From Pascale Paoli-Lebailly in Paris

Appearing before the French Senate’s commission of Culture and Communication, Maxime Saada, chair of the Canal+ board,  has announced that SVoD service Canalplay will cease operating in the coming weeks.

“It’s over for Canalplay. In the last two years, we have been taken off the map in this market which is surplanting television.
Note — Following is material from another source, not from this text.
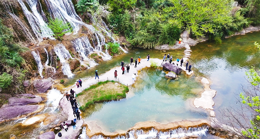 美人谷全长约 2 公里,四周群山环抱,奇石林立,瀑布成群,是典型的以山水景观为主的峡谷型生态休闲游览胜地。此次焕然一新的美人谷,对景区内各项设施进行了全方位升级。新增的观景步道,让游客能更近距离地亲近自然;露天舞台为各类表演提供了绝佳场地;流水瀑布在阳光的映照下如梦如幻;帐篷营地为游客打造了别样的户外体验空间;围炉煮茶区域则弥漫着惬意的氛围。而且,在设计过程中,景区尤为注重沉浸式体验,积极增加与游客的交流互动环节,让游客在感受自然风光魅力的同时,拥有更加丰富多彩的游玩经历。

We had a French Netflix, it was killed,” said Saada.

The platform has seen subscriber numbers plummet from 800,000 to just 200,000 today.

“We were deprived the possibility of exclusives for Canalplay when Netflix stepped into the market,” Saada added.

Giving the example of the upcoming launch of a Studiocanal channel in the US without local hits Versailles or The Bureau, Saada urged the French State to re-examine the production decrees in order to allow French TV groups to own the rights to the drama series they’re investing in.

“We [are bound by] a ball and chain when competing with hegemonic US players such as Netflix, which is recruiting 100,000 subscribers each month in France, and investing billion of dollars into content.”

Saada pleaded for French production players to be helped and protected by new, fairer rules. He suggested that tackling piracy could represent 500,000 new subscribers and an additional €40 million to invest into the country’s movie industry and sports rights.

On the fact that Canal+ lost the rights to the French Football Ligue 1 (to Spanish group Mediapro), Saada also put forward the question of rights sovereignty.